万博会場内のエスカレーターに2列で乗る来場者(4月13日、近藤誠撮影)
万博会場内のエスカレーターに2列で乗る来場者(4月13日、近藤誠撮影)

エスカレーターに関する文化研究で知られる江戸川大学名誉教授の斗鬼正一さんは4月下旬、大阪・関西万博の会場を訪れました。会場には、高さ最大約20メートルの大屋根リングへ上るためのエスカレーターが9台設置されています。斗鬼さんが見たところ、エスカレーター上を歩く人は見当たらず、混雑時には2列に並んで乗ることが定着していたといいます。

その理由について、斗鬼さんは「ラッシュ時の駅のエスカレーターのような殺気立った雰囲気とは違い、万博はのんびりとした非日常的な場所だからです。昔、デパートへ行った時のように、エスカレーターに乗ること自体を楽しんでいる様子でした」と話します。もっとも、万博には国内外から大勢の人が来場し、来場者たちから様々な情報が拡散されることが期待されるだけに、「これがエスカレーターの正しい乗り方だと世に示し、安全安心の社会を世界へ発信する機会になればいい」とも。

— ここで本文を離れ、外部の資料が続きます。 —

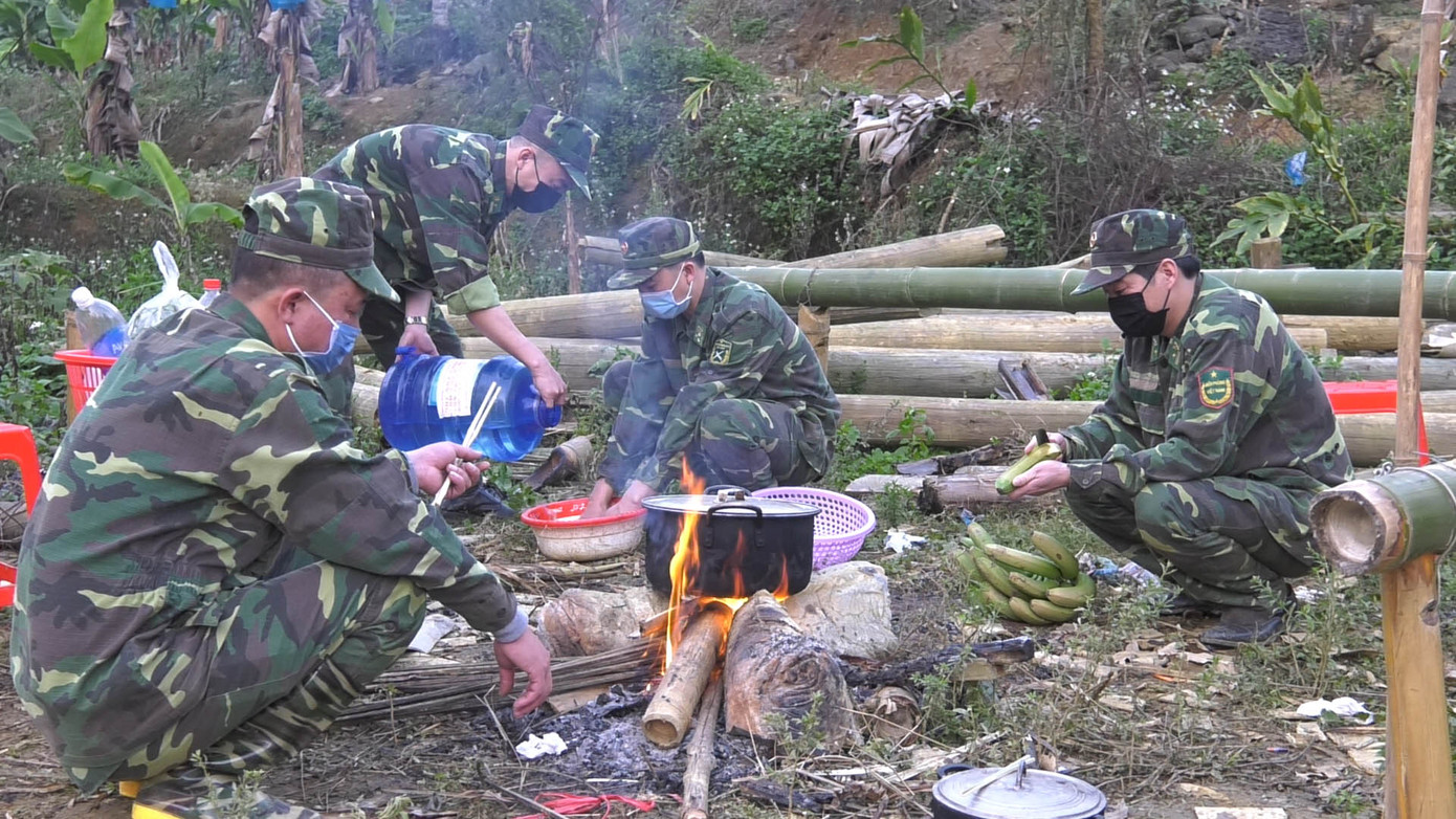 Tổ chốt chặn tại thôn Sim San, xã Y Tý chuẩn bị cho bữa tối.

夢洲駅に配置された、新機能を搭載したエスカレーター(写真提供・斗鬼正一さん)
夢洲駅に配置された、新機能を搭載したエスカレーター(写真提供・斗鬼正一さん)

一方、万博会場の最寄り駅となる大阪メトロ中央線・ 夢洲(ゆめしま) 駅には、日立ビルシステム(東京)が開発した、片側空けを抑止する新機能を搭載したエスカレーターが3台配置されました。利用者の立ち位置にLED(発光ダイオード)を照射し、2列になって乗るよう誘導します。

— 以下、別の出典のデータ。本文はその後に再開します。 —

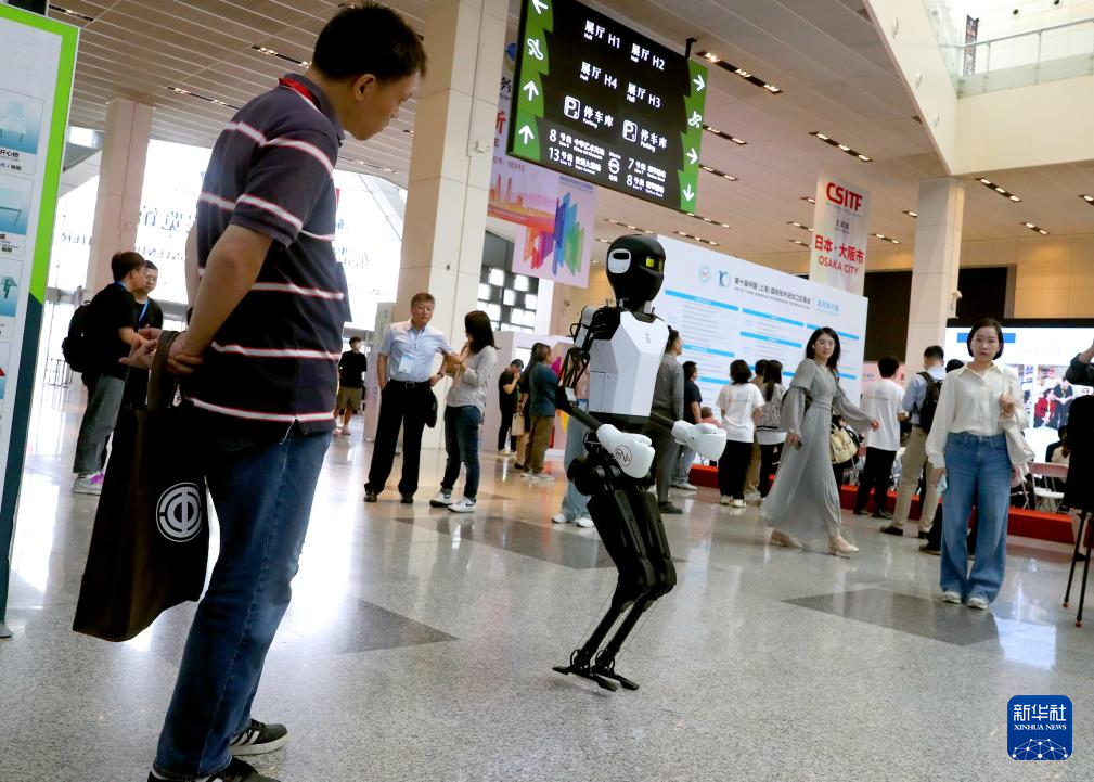 觀眾在上交會上觀看人形機器人行走演示。新華社記者方喆 攝

しかし、斗鬼さんは、そのエスカレーターでは歩行する人を目にしたそうです。「上る時にはLEDの光が確認できますが、下る時は光が視野に入らないので意味がない。光が何を示しているのか説明する掲示もなく、係員に聞いても理解していない状況でした。もっとPRを強化し、対策の内容を広く認知させる必要があると感じました」

「見守り君」歩行・走行防止に効果

斗鬼さんによると、エスカレーターの「片側空け」は、高度経済成長期の1967年頃、大阪の阪急梅田駅で、片側を空けるようアナウンスされたことをきっかけに、「急いでいる人に配慮する良いマナー」だと認識されるようになったといいます。その後、片側空けの慣行は全国に広まっていきました。

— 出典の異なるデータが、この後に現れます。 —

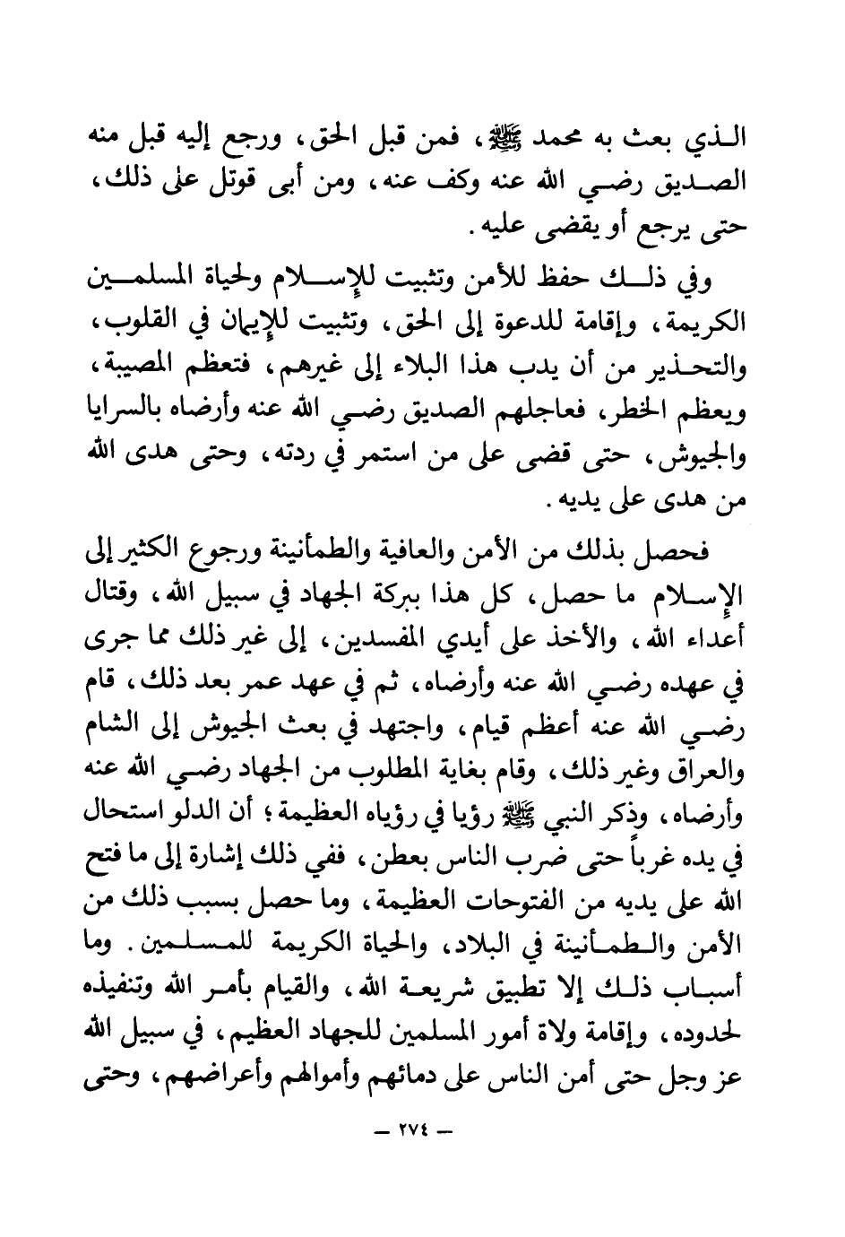 فحصل بذلك من الأمن والعافية والطمأنينة ورجوع الكثير إلى الإسلام ما حصل، كل هذا ببركة الجهاد في سبيل الله، وقتال أعداء الله، والأخذ على أيدي المفسدين، إلى غير ذلك مما جرى في عهده - رضي الله عنه وأرضاه -، ثم في عهد عمر بعد ذلك، قام - رضي الله عنه - أعظم قيام، واجتهد في بعث الجيوش إلى الشام والعراق وغير ذلك، وقام بغاية المطلوب من الجهاد - رضي الله عنه وأرضاه -، وذكر النبي - صلى الله عليه وسلم - رؤيا في رؤياه العظيمة؛ أن الدلو استحال في يده غربا حتى ضرب الناس بعطن، ففي ذلك إشارة إلى ما فتح الله على يديه من الفتوحات العظيمة، وما حصل بسبب ذلك من الأمن والطمأنينة في البلاد، والحياة الكريمة للمسلمين. وما أسباب ذلك إلا تطبيق شريعة الله، والقيام بأمر الله وتنفيذه لحدوده، وإقامة ولاة أمور المسلمين للجهاد العظيم، في سبيل الله عز وجل حتى أمن الناس على دمائهم وأموالهم وأعراضهم، وحتى

近年では、片側空けをなくそうと、対策を講じる地方自治体や企業が増えており、一定の効果を上げている地域もあります。

2023年10月、エスカレーターには立ち止まって乗ることを義務づける条例を施行した名古屋市は、AIを搭載した監視システム「エスカレーター見守り君」を、市営地下鉄・伏見駅に設置しました。駅構内のエスカレーターの上を利用者が歩いたり走ったりすると、警告音とともに「エスカレーターは立ち止まってご利用ください」などの音声が流れる仕組みです。

斗鬼さんが昨年、同駅で調査したところ、「見守り君」の設置によって、歩く人や走る人は以前に比べて約9割減少していました。斗鬼さんは、この対策には効果があったと結論付けましたが、効果の理由については、「周りの目を気にする人が多いから」と説明します。しかし、とにかく急ぎたいという人は、警告音や注意アナウンスが流れても、聞く耳を持たないかもしれません。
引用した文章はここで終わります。